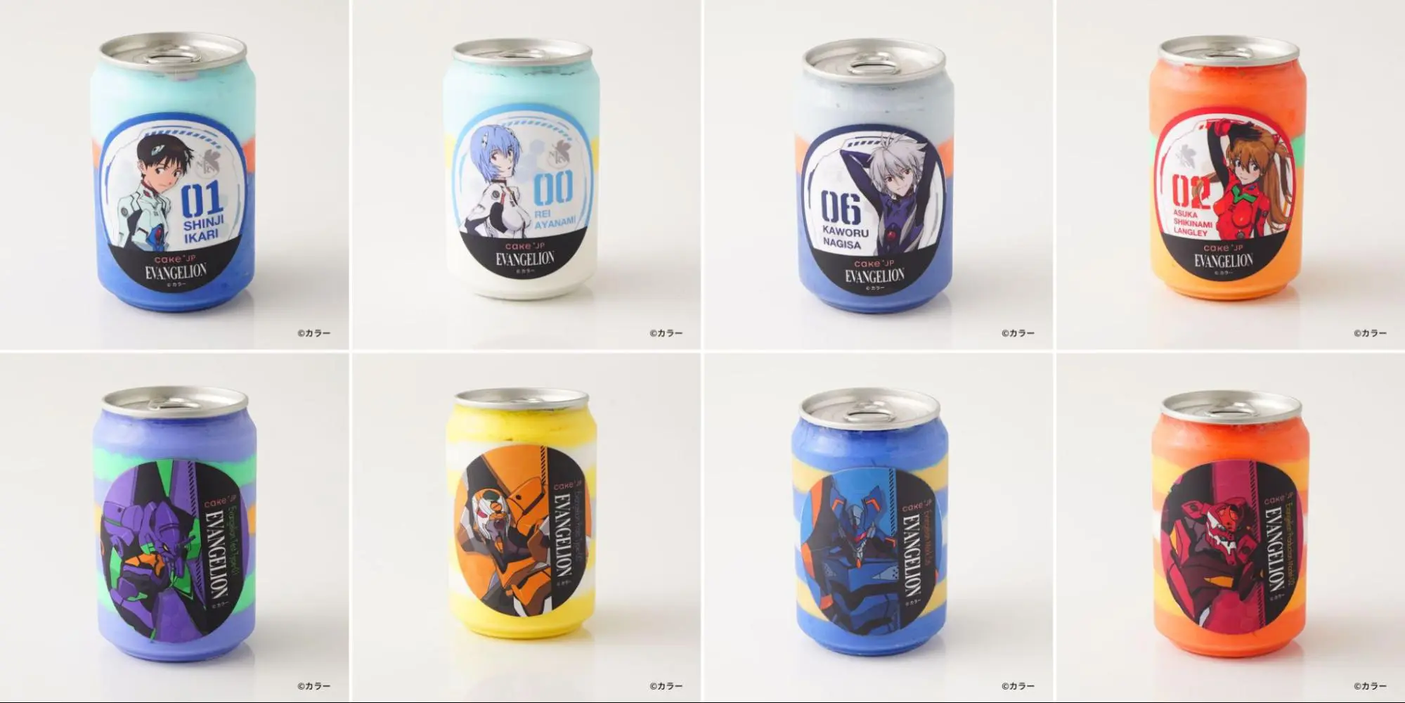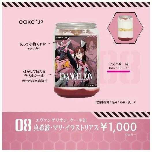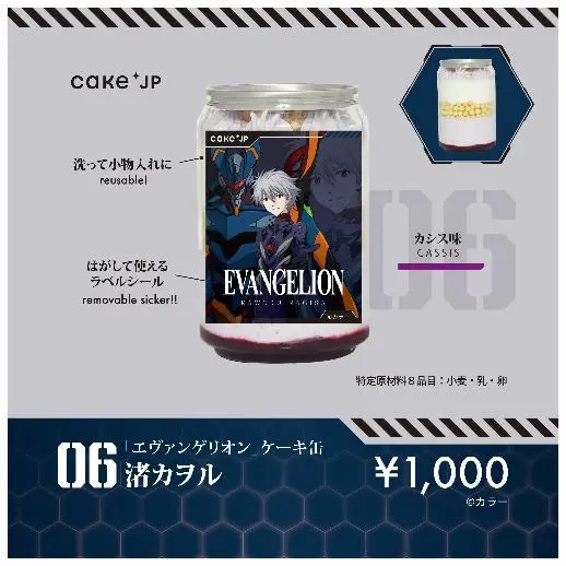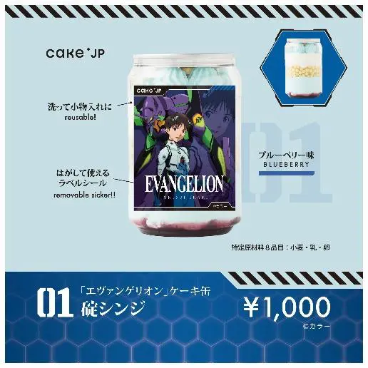 The Evangelion cakes in a can come in different colors and flavors to match the main characters. There are originally designed stickers on them and people purchasing them online also get a metal spoon with a charm designed like the character on your cake. The sticker is removable, and the can is reusable.
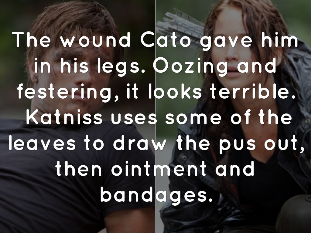The wound Cato gave him in his legs. Oozing and festering, it looks terrible. Katniss uses some of the leaves to draw the pus out, then ointment and bandages.
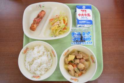 今日の献立は「日本の伝統的な加工品を知ろう」をテーマにたてられました。切り干しだいこんや高野豆腐は食品を長く保存するための工夫がされた食品です。ちくわや紅しょうがも昔から日本で食べられてきました。古来からの文化を大切に受けづいていきたいですね。
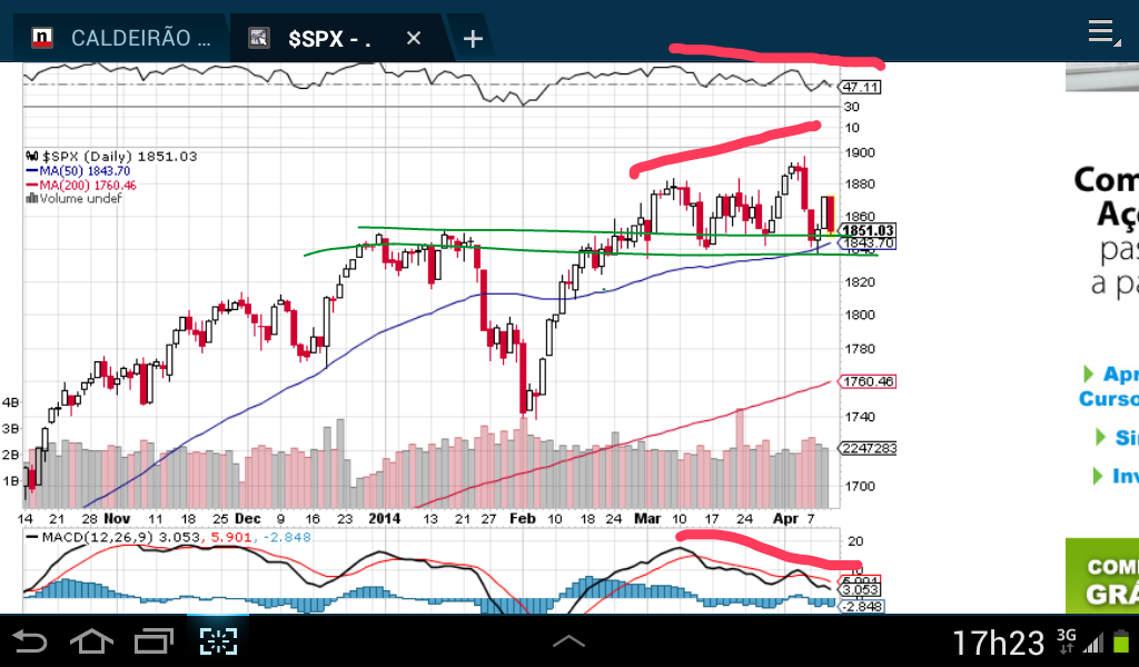 A ma100 tem funcionado bem no S&P, a segurar a cotação, veremos...
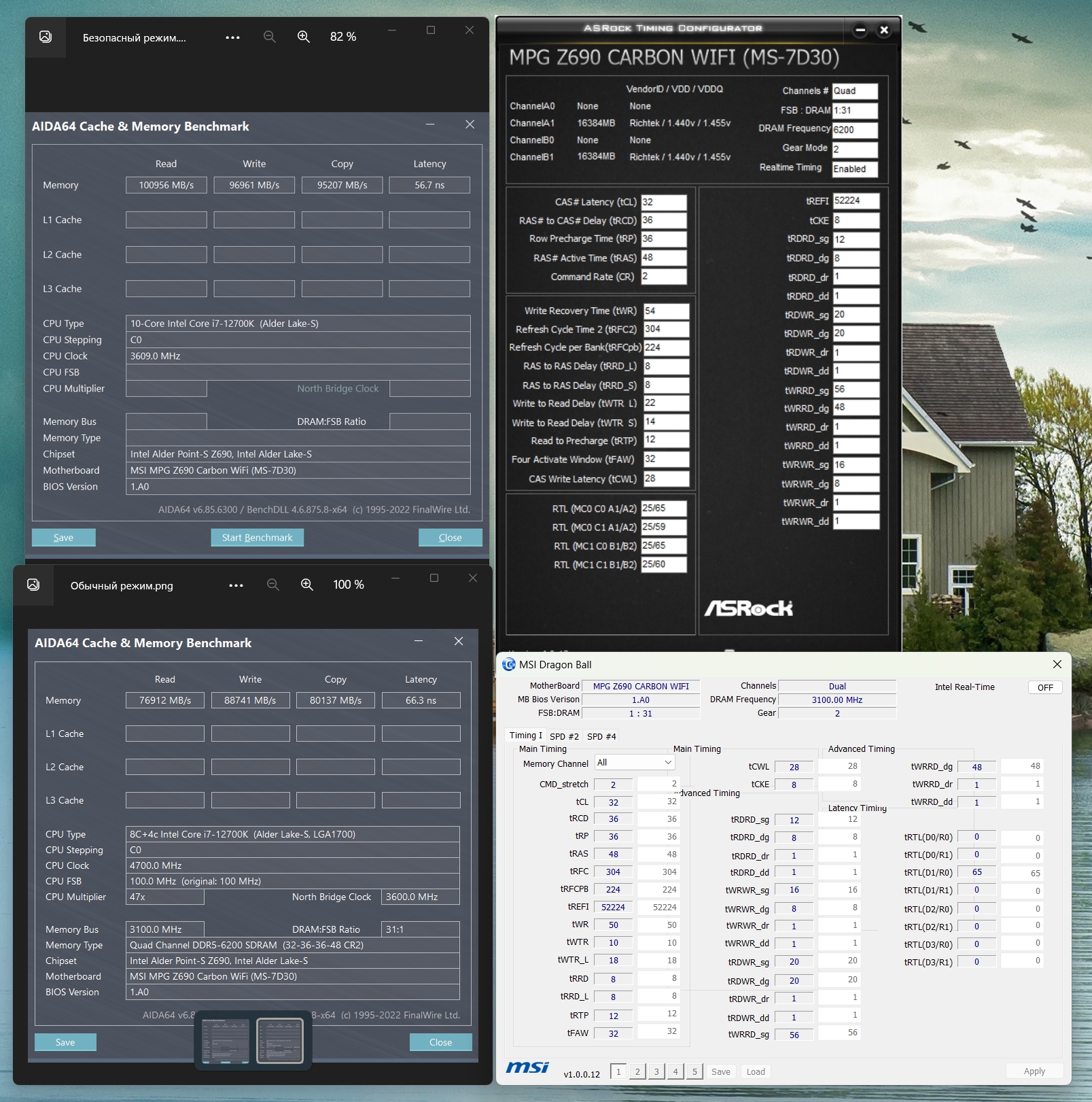 Почему, на верхнем скриншоте в безопаске у тебя все отлично. На нижнем под виндой +10нс и скорости как раз отжирает винда, хотя это довольно странно. Дело точно не в настроенной памяти. А энергосберегайки у тебя в биосе часом не включены? Должно быть как здесь:
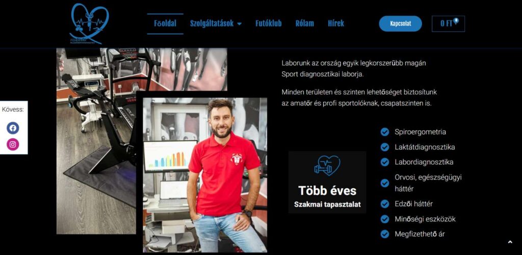 A weblap tartalmából: Értékesítési szöveg, kapcsolatfelvételi űrlap, tréner bemutatkozója.
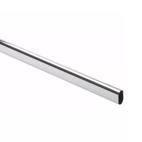 Труба изготовлена из холоднокатанной стали. Покрытие - гальваническое хромирование. Предназначена для использования в качестве гардеробной штанги.

-=-=-=-=-

# Aim of the task:
Starting at the line above with "今日の献立は「日本の伝統的な", output every line exactly up to and including the line with "A ma100 tem", but none of the pictures.

# Reply to the task:
 今日の献立は「日本の伝統的な加工品を知ろう」をテーマにたてられました。切り干しだいこんや高野豆腐は食品を長く保存するための工夫がされた食品です。ちくわや紅しょうがも昔から日本で食べられてきました。古来からの文化を大切に受けづいていきたいですね。
 A ma100 tem funcionado bem no S&P, a segurar a cotação, veremos...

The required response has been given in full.